If there is to be any change, if there is going to be an honest and frank discussion about the type of sport rugby league is and wants to be in the future and whether the long-term health and safety of its participants is of genuine concern or not, then that change can only be led from within the game by someone of stature.
That shift is starting to occur in the UK, where a group of players has launched legal action against the Rugby Football League. The group includes ex-England great Bobbie Goulding, who at age 49 has been diagnosed with early-onset dementia.
That Goulding has spoken out where his Australian counterparts haven’t is likely due to a greater level of community awareness of the issue in the UK, a result of the work of advocacy groups like the Jeff Astle Foundation (football) and Progressive Rugby (rugby union).
By comparison to the UK, Australia is a concussion backwater, with both the NRL and AFL adept at controlling the media narrative for their respective sports.
This Friday, ahead of the Penrith versus North Queensland Cowboys match, Simmons will once again be welcomed into Panthers Stadium as a hero.
It’s no mean effort to walk 300 kilometres over consecutive days, and once all of the backslapping is done with, Simmons will no doubt be looking forward to putting his feet up and resting his aching bones.
Far be it for this writer or anyone to suggest he add another 51 kilometres on top, but it’s worth pondering what lasting outcome may have been achieved for rugby league players of the future had Simmons elected to continue past the stadium and made a beeline for NRL headquarters.
Perhaps Simmons could have swung past Ray Price’s house to pick him up for the final stretch to Moore Park? Or dropped in at Steve ‘Turvey’ Mortimer’s place as well? Both fine men, like Simmons, heroes of the game, also suffering the debilitating effects as a result of repeated head injuries from playing rugby league.

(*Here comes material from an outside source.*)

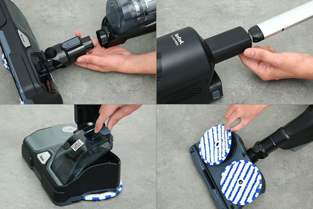 Máy hút bụi lau nhà Tefal X-Combo GF3039KO với ngăn chứa bụi và chứa nước riêng biệt, làm sạch hiệu quả cùng công nghệ Aerospin giúp đánh bật vết bẩn khô hiệu quả. Hơn nữa, sản phẩm này có thể vừa hút bụi, vừa lau sàn cùng một lúc, tiết kiệm thời gian khi dọn dẹp nhà cửa.
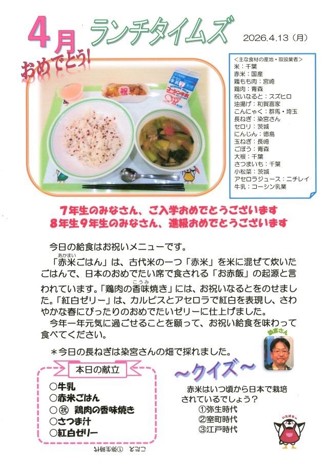 4月13日(月)給食

The paradox is confusing. Go all-out to help sufferers of Alzheimer’s disease and dementia but keep mum on how best to address factors that may have contributed to or hastened the condition in the first place? It defies logic.

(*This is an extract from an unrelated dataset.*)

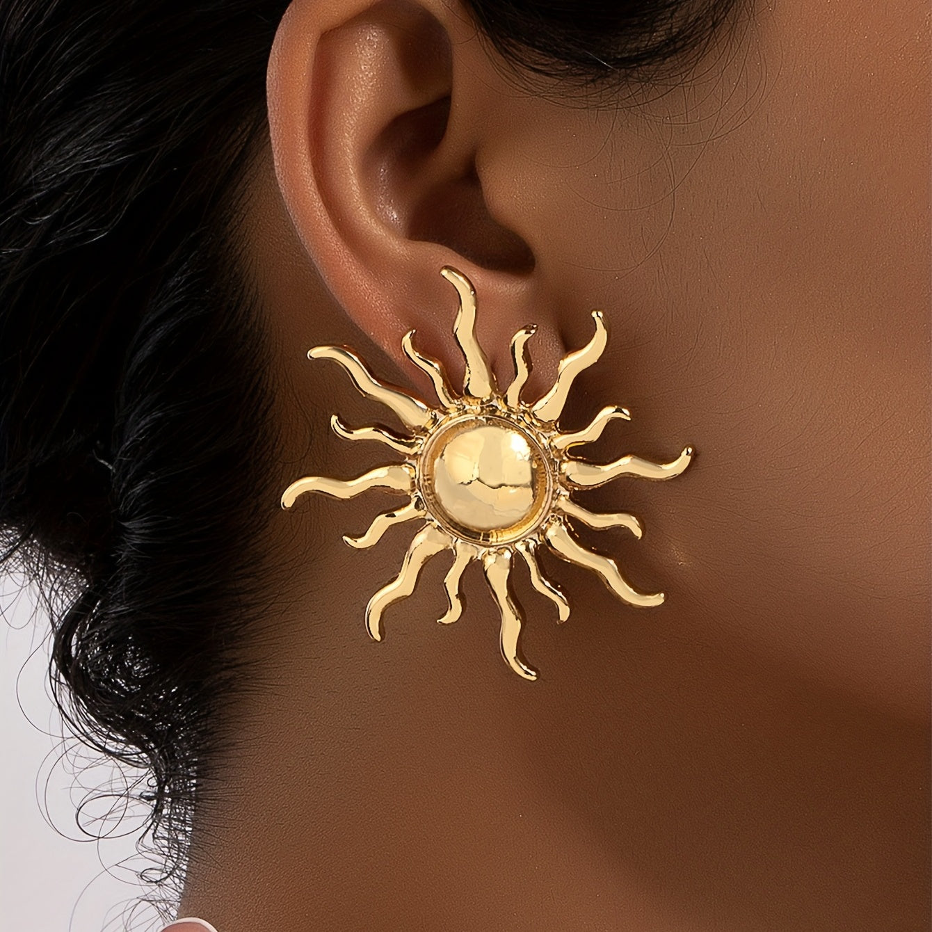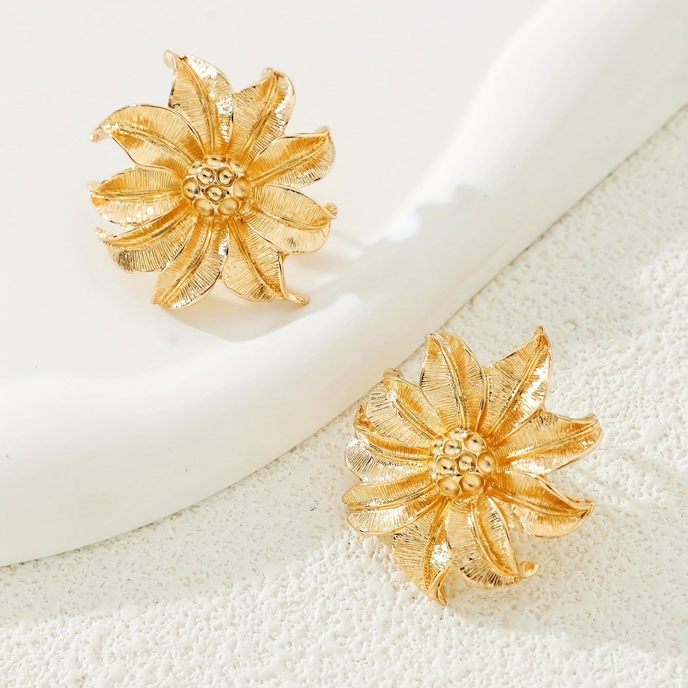 • Beautiful golden metal flower stud earrings

There is another paradox. To play rugby league at this level takes extraordinary courage and bravery. Simmons is without question a courageous man and a bona fide hero of the game. By comparison, to lead a discussion on concussion or brain injury in rugby league should be a snack.
Simmons’s walk is worthy and the money raised will no doubt be put to good use. But watch this weekend, as young men go out onto the field and continue to knock each other out, and wonder if this walk couldn’t have been so much more.